Conclusion¶
In the timeless past, the mythical hero Cú Chulainn is said to have defended all of Ulster from the raids of the Connachtmen all on his own; in the late 12th century, Strongbow and King Henry II would arrive to begin a long and terrible reign of English cruelty in Ireland; in 1649, Oliver Cromwell began his bloody conquest of Ireland as reparation for rebellions among Gaelic lords which would earn him the epitaph “The Butcher”; in 1798, Wolfe Tone died in British custody after attempts at revolution for Ireland; and carrying what he considered the torch of Ireland’s defense into 1916, Padraic Pearse read aloud the Proclamation of the Irish Republic on the steps of the General Post Office. It was within that document that Pearse and his comrades made clear their justification and goal to free Ireland, listing Ireland’s reasons for independence; by referencing these past grievances with the full intention to remove England’s influence from Ireland, Pearse invoked the deep and strong roots of Gaelic sovereignty. Pearse had been working through much of his life to build a cultural movement which could sustain the military movement he championed that Easter Monday.

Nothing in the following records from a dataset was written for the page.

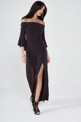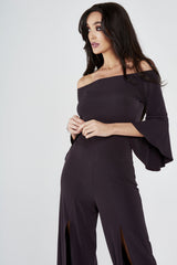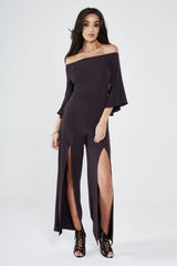 Let’s start at the top. The off-the-shoulder design immediately offers a sophisticated and flattering line which is complimented by a three quarter flared-from-the-elbow sleeve design. A mid waist trouser cut and deep leg split cleverly create an elongated leg whilst bringing the perfect cocktail of comfort, seduction, and sumptuous style. Pair with simple jewellery and your favourite heels and you are good to go!
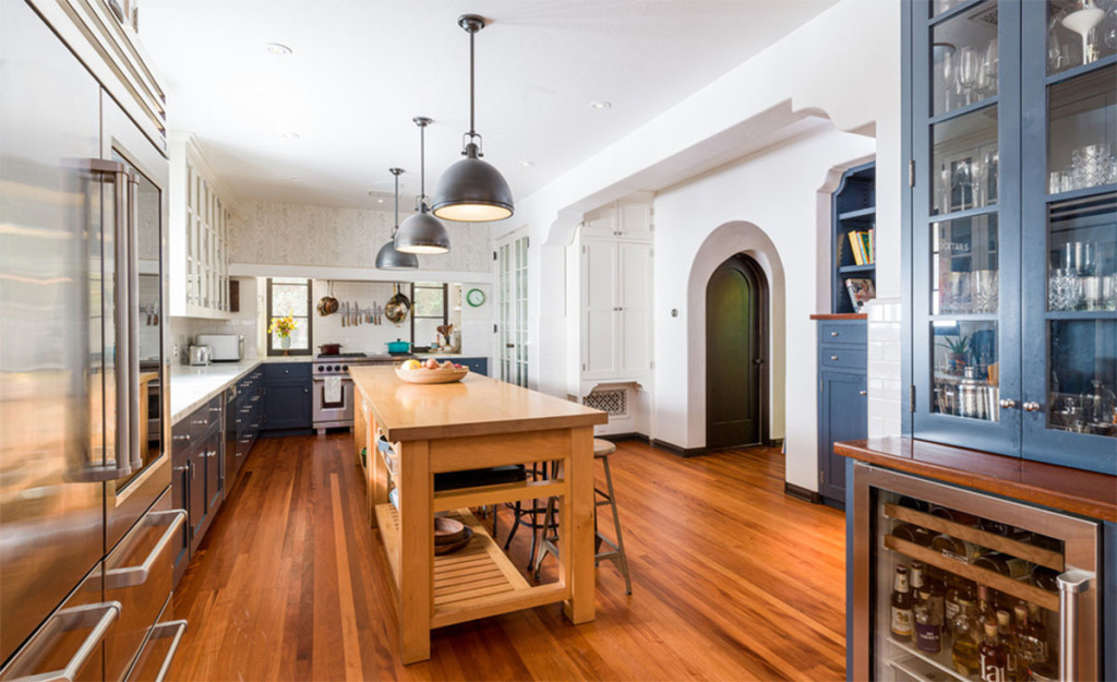 Nhà bếp nhẹ nhàng và tươi sáng hơn với những bức tường trắng rõ nét, đầy đủ trang thiết bị không gỉ và có tủ lưu trữ màu xanh dương.
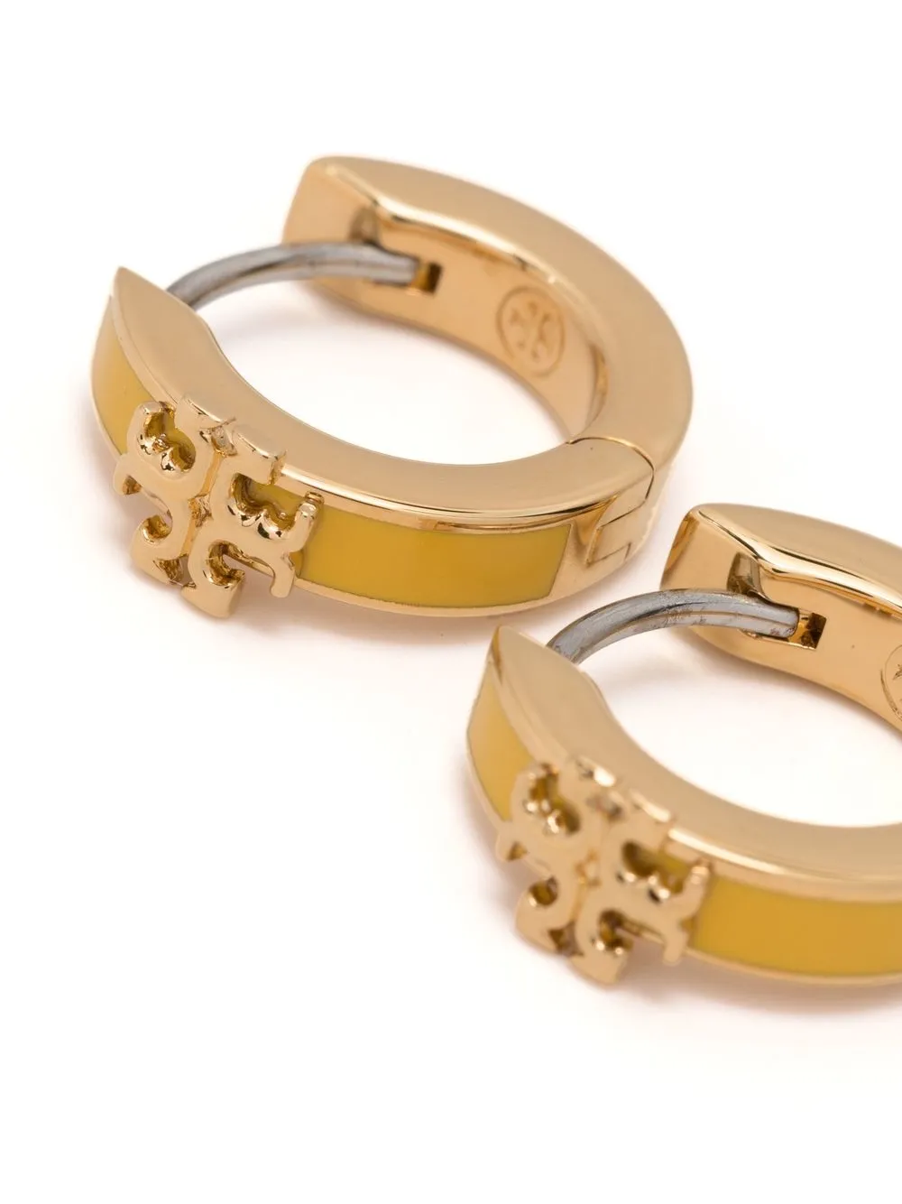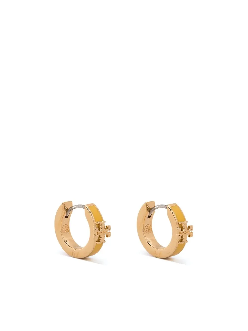 Kira logo huggie hoops from TORY BURCH featuring gold-tone, logo plaque, polished effect, huggie hoop design and bar-pin fastening. These earrings come as a pair..

He and other cultural nationalists utilized newspapers and pamphlets, poetry and theater, speeches and eulogies to awaken the memory of Ireland as she once was – free of tyranny, free of England – within her men and women. Their military efforts that Easter week were fruitless; the rebels were soundly defeated and all the leaders of ‘16 were executed. But that rebellion began the chain of events which would see the formation of the Free State in 1922 and eventually the creation of the Republic of Ireland in 1949, a sovereign state free of English rule. Did guns and bayonets achieve that feet? Surely, many Irish and English died in the conflicts surrounding and caused by Easter 1916. Pearse’s works and their popularity, however, seem to indicate that it was the culture Pearse advanced which won the Uprising long after Pearse himself was dead.